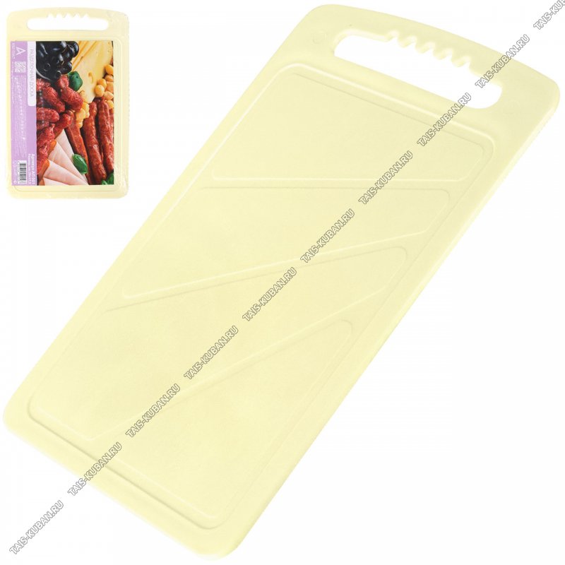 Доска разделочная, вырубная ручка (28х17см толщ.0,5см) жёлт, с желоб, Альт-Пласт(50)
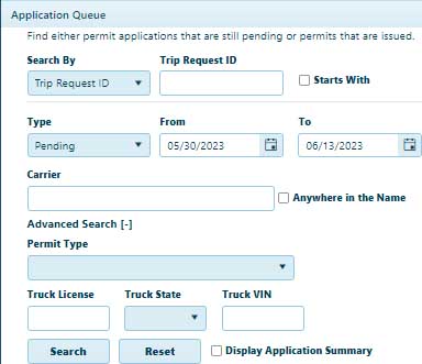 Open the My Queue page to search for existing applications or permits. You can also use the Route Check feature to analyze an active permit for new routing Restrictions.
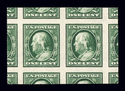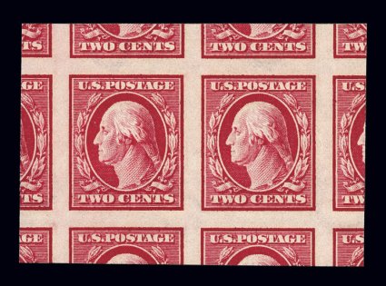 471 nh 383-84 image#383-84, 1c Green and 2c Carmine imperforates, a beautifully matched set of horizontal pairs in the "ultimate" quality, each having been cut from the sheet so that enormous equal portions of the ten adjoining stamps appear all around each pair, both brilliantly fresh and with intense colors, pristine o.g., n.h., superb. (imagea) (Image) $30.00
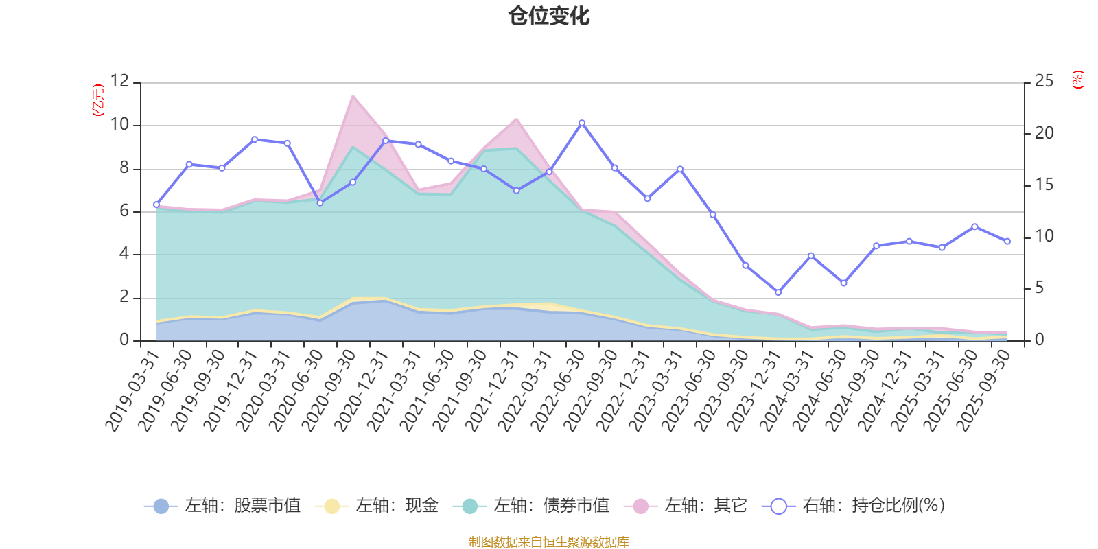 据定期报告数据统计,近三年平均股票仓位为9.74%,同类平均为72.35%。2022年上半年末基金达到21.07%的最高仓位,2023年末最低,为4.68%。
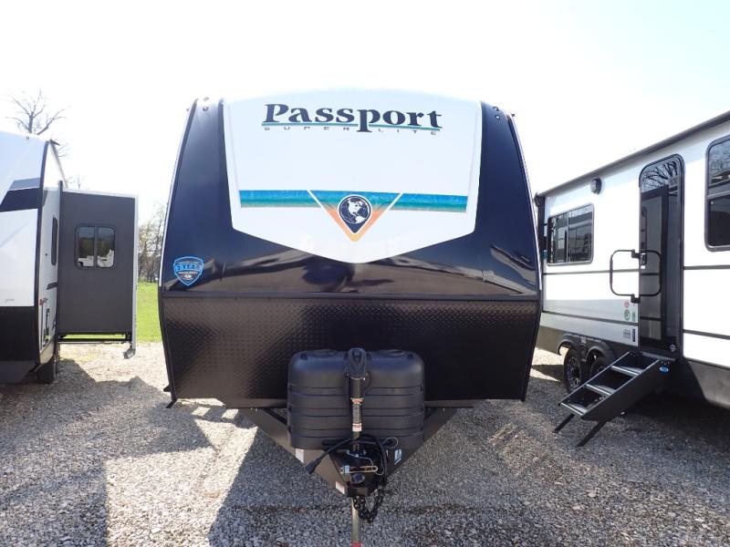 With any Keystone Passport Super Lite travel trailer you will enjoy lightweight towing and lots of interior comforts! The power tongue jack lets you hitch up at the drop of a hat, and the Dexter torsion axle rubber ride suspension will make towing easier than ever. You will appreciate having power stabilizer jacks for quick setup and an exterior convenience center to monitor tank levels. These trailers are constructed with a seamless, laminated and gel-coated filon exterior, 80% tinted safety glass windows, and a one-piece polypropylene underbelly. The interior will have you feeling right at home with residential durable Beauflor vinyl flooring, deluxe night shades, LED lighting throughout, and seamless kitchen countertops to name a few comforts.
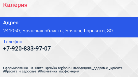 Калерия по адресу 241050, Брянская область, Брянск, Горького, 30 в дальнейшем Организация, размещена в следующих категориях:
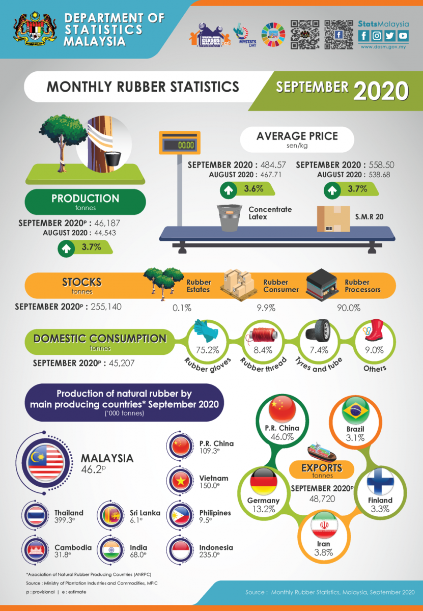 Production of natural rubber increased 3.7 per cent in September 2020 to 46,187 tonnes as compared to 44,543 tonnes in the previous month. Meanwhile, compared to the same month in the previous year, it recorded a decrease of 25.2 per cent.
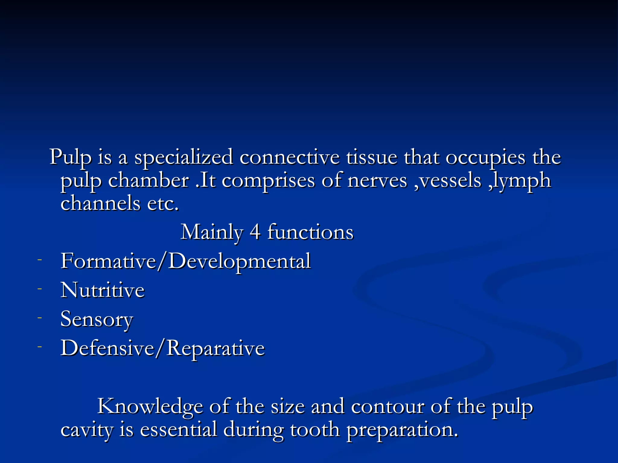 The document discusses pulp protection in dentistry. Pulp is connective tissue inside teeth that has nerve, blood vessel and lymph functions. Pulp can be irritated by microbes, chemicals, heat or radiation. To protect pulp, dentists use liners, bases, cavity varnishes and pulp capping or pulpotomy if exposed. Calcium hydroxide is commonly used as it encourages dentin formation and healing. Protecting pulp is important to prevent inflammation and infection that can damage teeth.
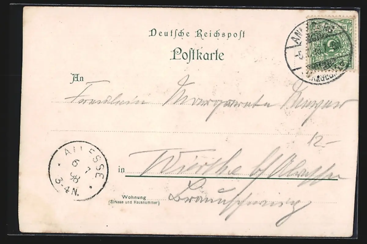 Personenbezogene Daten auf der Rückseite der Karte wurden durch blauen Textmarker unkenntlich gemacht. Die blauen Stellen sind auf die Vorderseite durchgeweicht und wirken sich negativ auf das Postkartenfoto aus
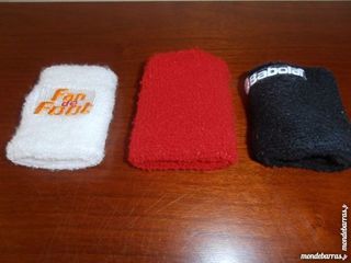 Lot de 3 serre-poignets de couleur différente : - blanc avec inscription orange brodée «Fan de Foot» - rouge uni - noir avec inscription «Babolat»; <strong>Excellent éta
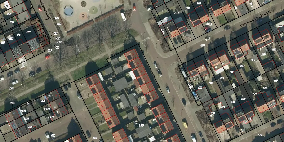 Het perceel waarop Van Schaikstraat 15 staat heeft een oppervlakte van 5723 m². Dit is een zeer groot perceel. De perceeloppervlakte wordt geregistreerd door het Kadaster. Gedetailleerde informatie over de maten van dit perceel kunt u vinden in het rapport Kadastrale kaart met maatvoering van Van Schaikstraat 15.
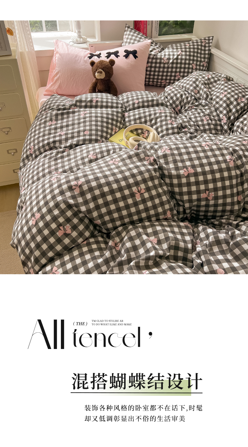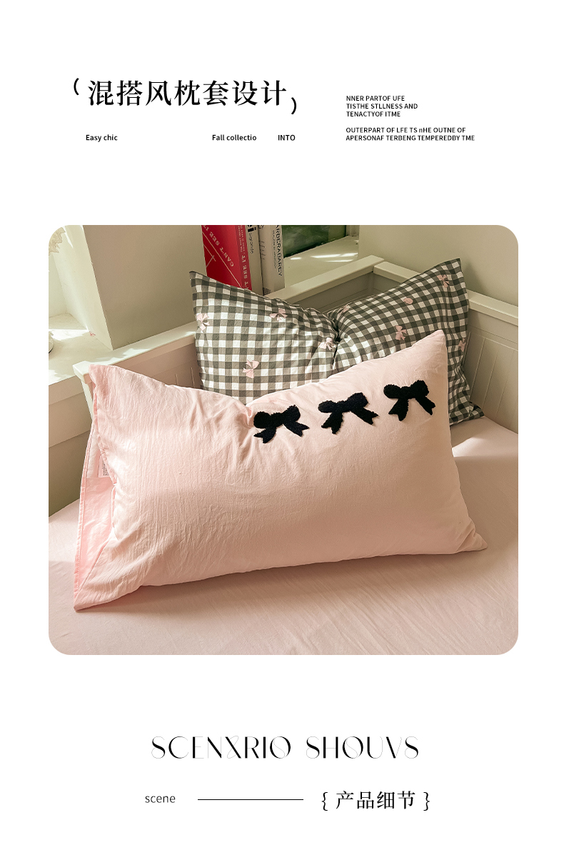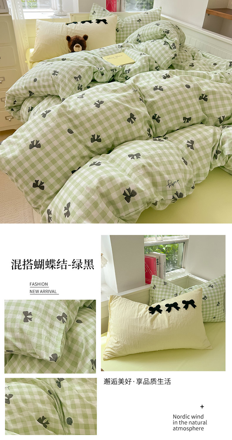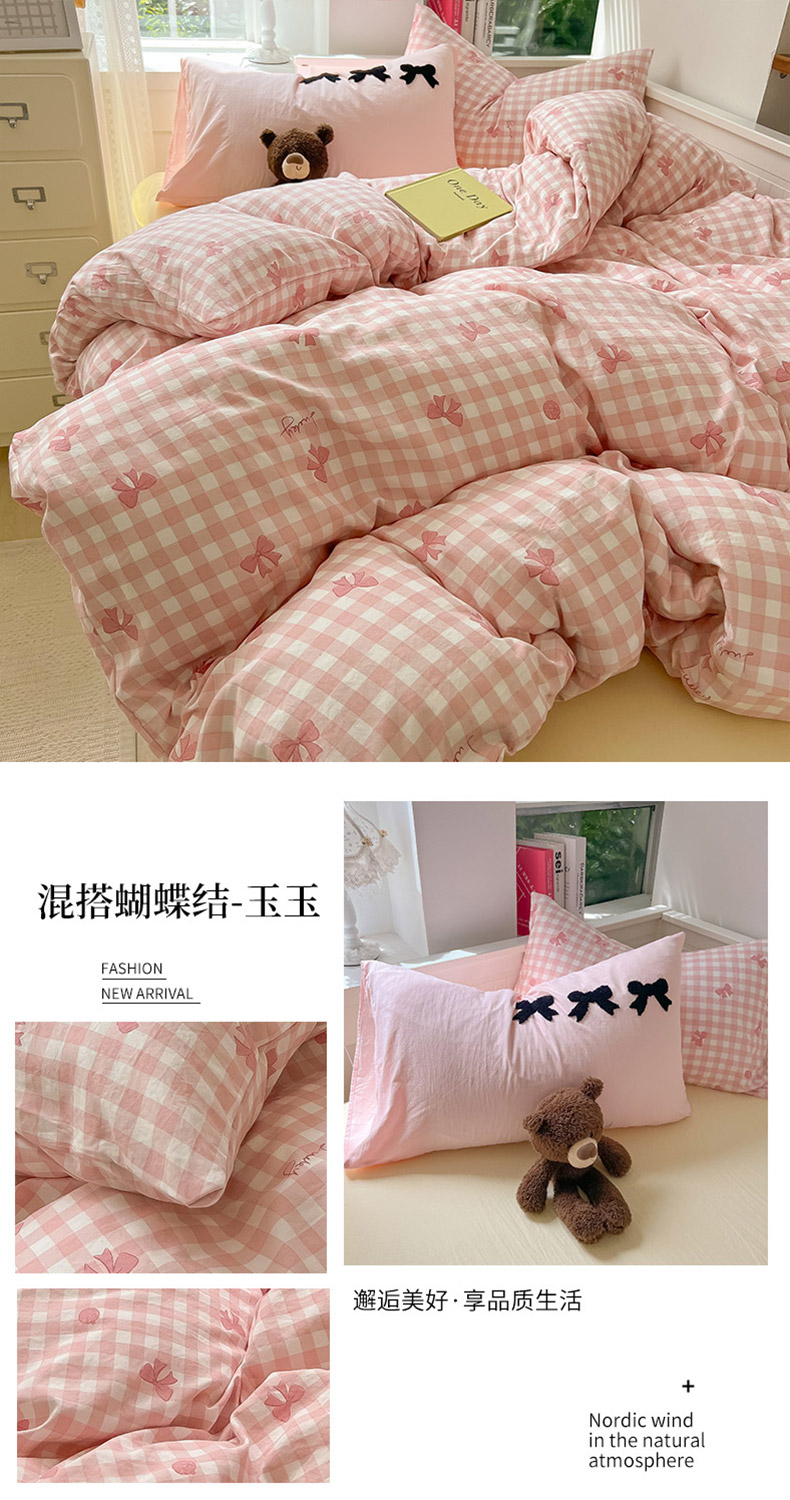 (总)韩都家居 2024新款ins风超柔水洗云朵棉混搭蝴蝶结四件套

■ **THE PROBLEM**: Nothing but the lines from the one with "Open the My" up to and including the one with "据定期报告数据统计,近三年平" should be printed, exactly as they read above. Please keep the pictures out.

■ **REPLY**:
 Open the My Queue page to search for existing applications or permits. You can also use the Route Check feature to analyze an active permit for new routing Restrictions.
 471 nh 383-84 image#383-84, 1c Green and 2c Carmine imperforates, a beautifully matched set of horizontal pairs in the "ultimate" quality, each having been cut from the sheet so that enormous equal portions of the ten adjoining stamps appear all around each pair, both brilliantly fresh and with intense colors, pristine o.g., n.h., superb. (imagea) (Image) $30.00
 据定期报告数据统计,近三年平均股票仓位为9.74%,同类平均为72.35%。2022年上半年末基金达到21.07%的最高仓位,2023年末最低,为4.68%。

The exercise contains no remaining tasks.